═════ Dataset excerpts ═════

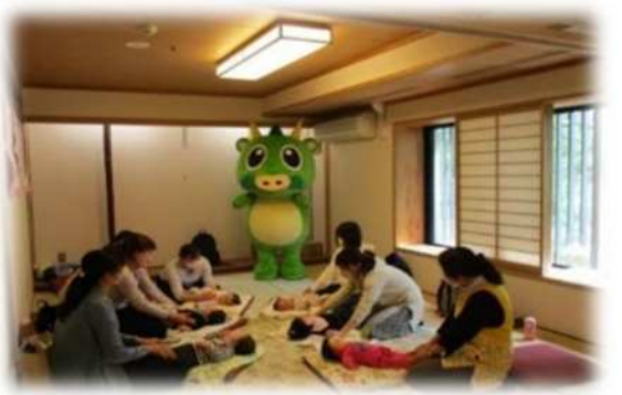
岩槻本丸公民館（岩槻区） 【子育てサロン「まんまる」】
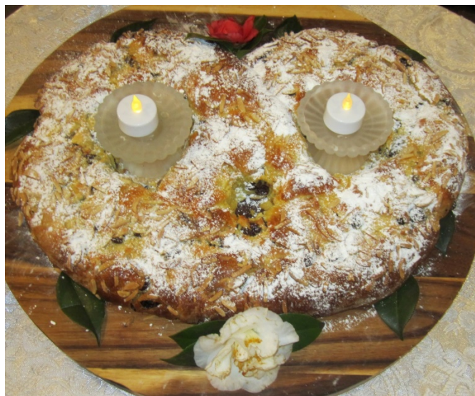
DV Pertas nodaļas 73 darbības gada kliņģeris.
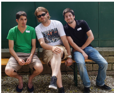
Les plus jeunes
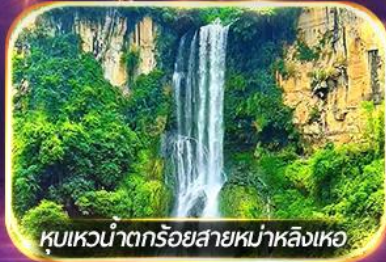
หุบเขาน้ำตกร้อยสายหม่าหลิงเหอ

ชมวิถีชีวิตหมู่บ้านปู้อี้ยามค่ำคืน, ล่องเรือทะเลสาบว่างเฟิงหู ชมสวนดอกไม้ตามฤดูกาล, ซุปบึงจู่ใจถนนคนเดิน
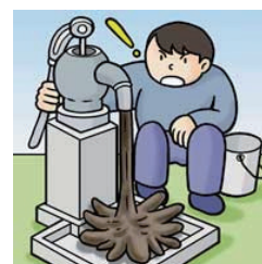
図6 井戸水等の濁り
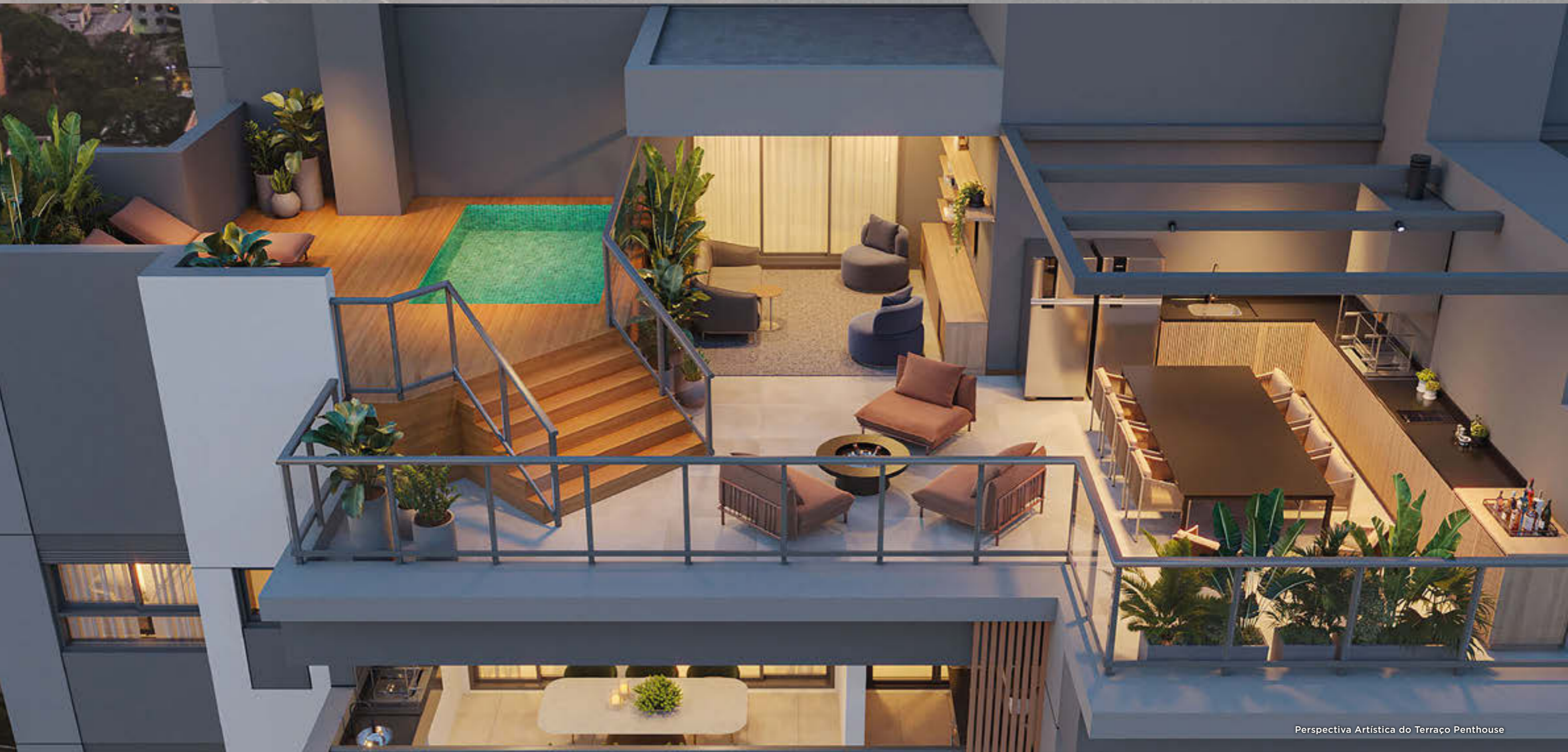
Perspectiva Artística do Terraço Penthouse
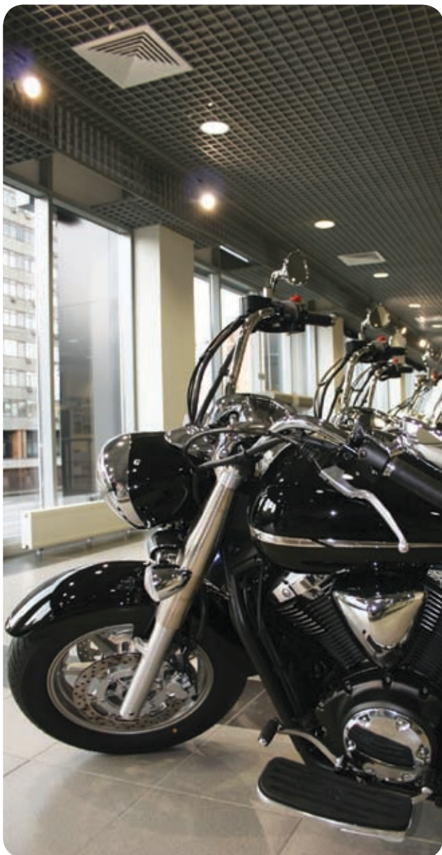
Yamaha Мотор Центр Сущевский (Москва)
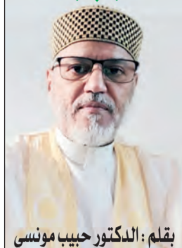
يقلم: الدكتور حبيب مونسى
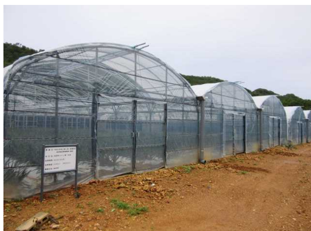
強化型耐候性施設(強化型パイプハウス) (令和元年度災害に強い高機能型栽培施設の導入推進事業)
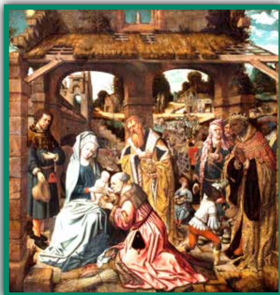
^ Driekoningen, onbekende meester. Noord-Nederland, omstreeks 1520.

Door de eeuwen heen hebben veel kunstenaars een voorliefde voor de aanbidding door de drie koningen. Ze kunnen er al hun creativiteit in kwijt. In de voorstelling, de kleuren en de symboliek. Vaak zijn de koningen van verschillende leeftijd en een van hen, Balthasar, heeft een zwarte huidskleur. Zo kunnen ze de afstammelingen zijn
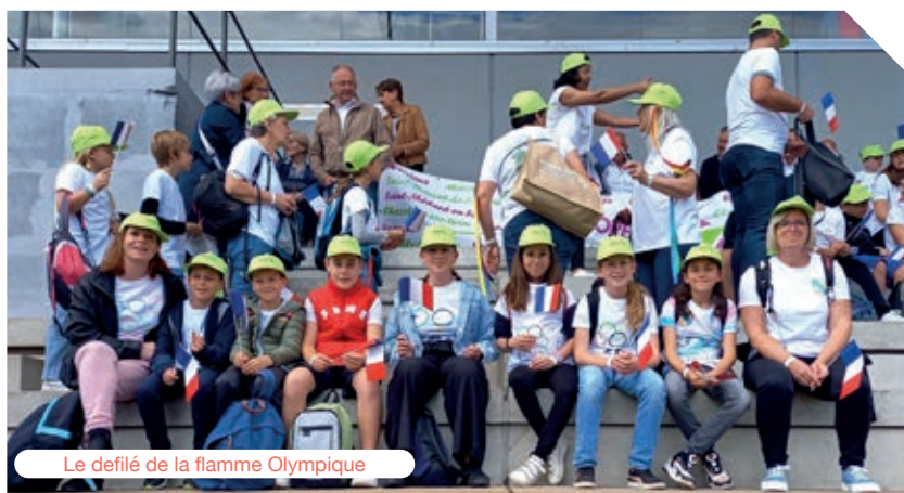
Le défilé de la flamme Olympique
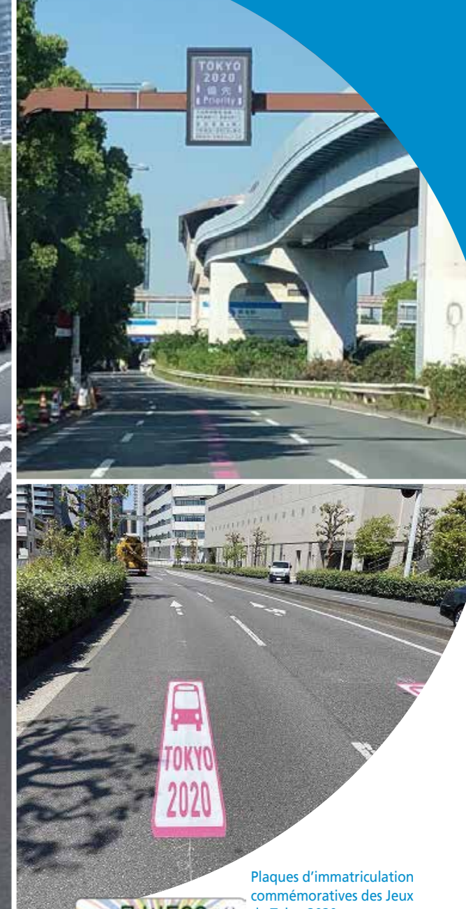
Plaques d'immatriculation commémoratives des Jeux de Tokyo2020
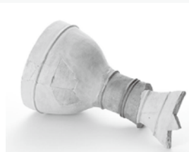
馬場南遺跡出土の陶製鼓胴
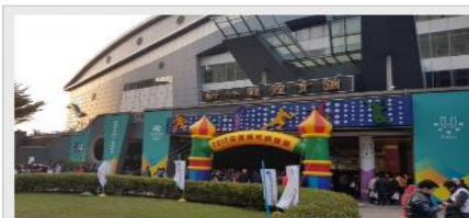
封測大廠美商艾克爾（Amkor）率封測業之先，今晚在竹北體育館舉辦年終晚會。

【記者洪友芳／新竹報導】農曆年節腳步將近，各公司紛將辦年終尾牙，台灣設立已逾17年的世界級封測大廠美商艾克爾（Amkor）率封測業之先，今晚在竹北體育館舉辦年終晚會，邀請金曲獎歌王蕭煌奇及動感歌手朱俐靜表演，現場由高階主管表演開場炒熱氣氛，並進行尾牙摸彩，最大獎20萬元，總獎金近700萬元。
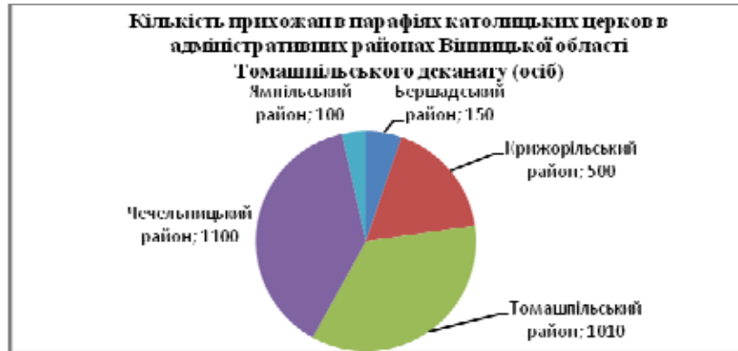
Рис. 3. Кількість прихожан в парафіях католицької церкви в адміністративних районах Вінницької області Томашпільського деканату

Мурафський деканат Кам'янець-Подільської дієцезії – це найчисельніший деканат Вінниччини за кількістю парафіян-католиків. Він об'єднує в собі 34 парафії семи адміністративних районів: Гайсинського, Шаргородського, Тиврівського, Немирівського, Тульчинського, Теплицького, Тростянецького. Кількість прихожан сягає понад п'ятнадцять тисяч. Найчисельнішим католицьким осередком є Шаргородський район. Тут проживає 80 % усіх католиків Мурафського деканату і 30 % католиків Вінниччини (рис. 4).
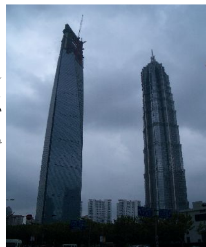
上海の高層ビルはとてつもなく高い

海外へチャレンジしたいが、どうしてもいかに分からない、という方は、一度とっとり貿易支援センターまでお問合せください。
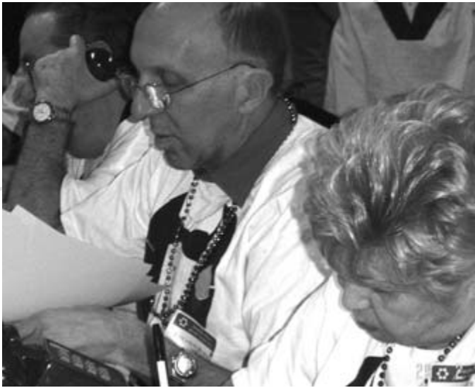
Los voluntarios en acción, lograron brillantes resultados.
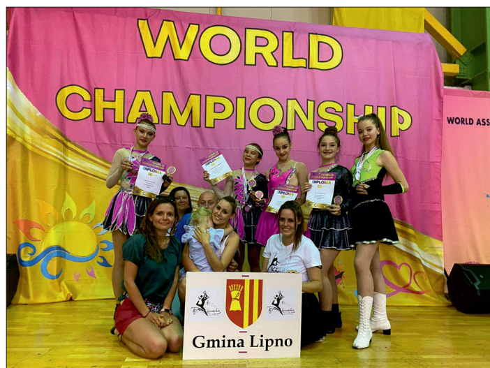
Reprezentanci zespołu mażorettek „Nutki-Lipno” na zawodach w Crikvenicy w Chorwacji.
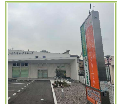
⑥ はたなかクリニック … 約 100m
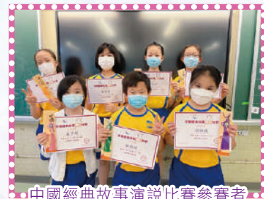
中國經典故事演說比賽參賽者
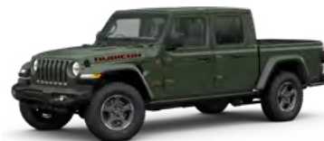
8. サージグリーン C/C
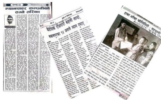
छापा संचारमा सुरक्षित आप्रवासन
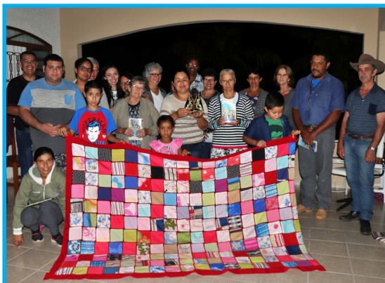
Encontro nas casas - Comunidade Rural
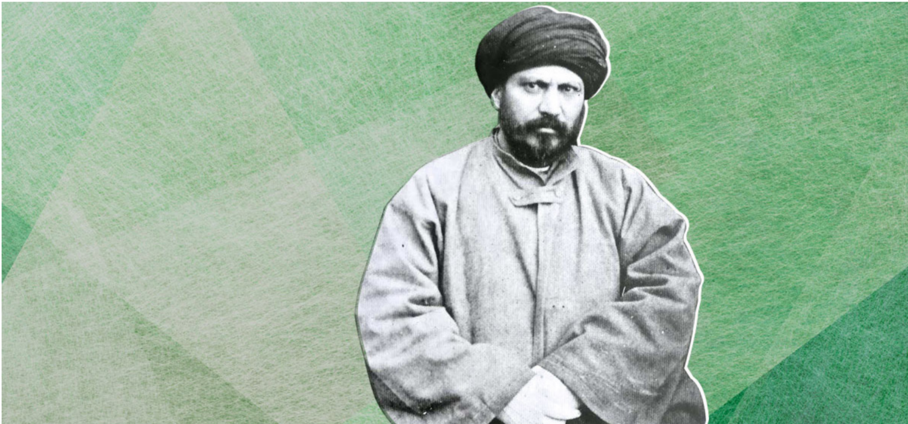
جمال الدين الأفغاني

كانت تنطلق -في حالتي الرفض أو القبول على حد سواء- من اعتبار الغرب وما حققه من نتائج حضارية ناجحة، مقياساً لما ينبغي أن نقيس به أحوالنا. فهل يبدو ذلك معياراً سليماً من جميع الوجوه؛ وهل هناك قوانين عامة واحدة تحكم تطور جميع المجتمعات، دون الحاجة للتمعن فيما يمكن أن يكون منشأها وعمادها بين البشر وما يمكن أن يكون مختلفاً وخاصاً! إن أفكاراً مثل «الأمية» وبالمثل «الإنسانية والعولة» العابرة لجميع أشكال الحدود قد لا تبدو سليمة دائماً، إذ يمكن أن تصطدم تلك الأفكار بروحية «النطاقات الحضارية المتعددة» التي تصنع تمايزاً محموداً بين أبناء العمورة، فتتشكل المتباينة تبايناً بئساء يعرض بعضها بعضاً.

═════

**The task**
Your copy should match the data above exactly, apart from the pictures.

**Written answer**
岩槻本丸公民館（岩槻区） 【子育てサロン「まんまる」】
DV Pertas nodaļas 73 darbības gada kliņģeris.
Les plus jeunes
หุบเขาน้ำตกร้อยสายหม่าหลิงเหอ

ชมวิถีชีวิตหมู่บ้านปู้อี้ยามค่ำคืน, ล่องเรือทะเลสาบว่างเฟิงหู ชมสวนดอกไม้ตามฤดูกาล, ซุปบึงจู่ใจถนนคนเดิน
図6 井戸水等の濁り
Perspectiva Artística do Terraço Penthouse
Yamaha Мотор Центр Сущевский (Москва)
يقلم: الدكتور حبيب مونسى
強化型耐候性施設(強化型パイプハウス) (令和元年度災害に強い高機能型栽培施設の導入推進事業)
^ Driekoningen, onbekende meester. Noord-Nederland, omstreeks 1520.

Door de eeuwen heen hebben veel kunstenaars een voorliefde voor de aanbidding door de drie koningen. Ze kunnen er al hun creativiteit in kwijt. In de voorstelling, de kleuren en de symboliek. Vaak zijn de koningen van verschillende leeftijd en een van hen, Balthasar, heeft een zwarte huidskleur. Zo kunnen ze de afstammelingen zijn
Le défilé de la flamme Olympique
Plaques d'immatriculation commémoratives des Jeux de Tokyo2020
馬場南遺跡出土の陶製鼓胴
封測大廠美商艾克爾（Amkor）率封測業之先，今晚在竹北體育館舉辦年終晚會。

【記者洪友芳／新竹報導】農曆年節腳步將近，各公司紛將辦年終尾牙，台灣設立已逾17年的世界級封測大廠美商艾克爾（Amkor）率封測業之先，今晚在竹北體育館舉辦年終晚會，邀請金曲獎歌王蕭煌奇及動感歌手朱俐靜表演，現場由高階主管表演開場炒熱氣氛，並進行尾牙摸彩，最大獎20萬元，總獎金近700萬元。
Рис. 3. Кількість прихожан в парафіях католицької церкви в адміністративних районах Вінницької області Томашпільського деканату

Мурафський деканат Кам'янець-Подільської дієцезії – це найчисельніший деканат Вінниччини за кількістю парафіян-католиків. Він об'єднує в собі 34 парафії семи адміністративних районів: Гайсинського, Шаргородського, Тиврівського, Немирівського, Тульчинського, Теплицького, Тростянецького. Кількість прихожан сягає понад п'ятнадцять тисяч. Найчисельнішим католицьким осередком є Шаргородський район. Тут проживає 80 % усіх католиків Мурафського деканату і 30 % католиків Вінниччини (рис. 4).
上海の高層ビルはとてつもなく高い

海外へチャレンジしたいが、どうしてもいかに分からない、という方は、一度とっとり貿易支援センターまでお問合せください。
Los voluntarios en acción, lograron brillantes resultados.
Reprezentanci zespołu mażorettek „Nutki-Lipno” na zawodach w Crikvenicy w Chorwacji.
⑥ はたなかクリニック … 約 100m
中國經典故事演說比賽參賽者
8. サージグリーン C/C
छापा संचारमा सुरक्षित आप्रवासन
Encontro nas casas - Comunidade Rural
جمال الدين الأفغاني

كانت تنطلق -في حالتي الرفض أو القبول على حد سواء- من اعتبار الغرب وما حققه من نتائج حضارية ناجحة، مقياساً لما ينبغي أن نقيس به أحوالنا. فهل يبدو ذلك معياراً سليماً من جميع الوجوه؛ وهل هناك قوانين عامة واحدة تحكم تطور جميع المجتمعات، دون الحاجة للتمعن فيما يمكن أن يكون منشأها وعمادها بين البشر وما يمكن أن يكون مختلفاً وخاصاً! إن أفكاراً مثل «الأمية» وبالمثل «الإنسانية والعولة» العابرة لجميع أشكال الحدود قد لا تبدو سليمة دائماً، إذ يمكن أن تصطدم تلك الأفكار بروحية «النطاقات الحضارية المتعددة» التي تصنع تمايزاً محموداً بين أبناء العمورة، فتتشكل المتباينة تبايناً بئساء يعرض بعضها بعضاً.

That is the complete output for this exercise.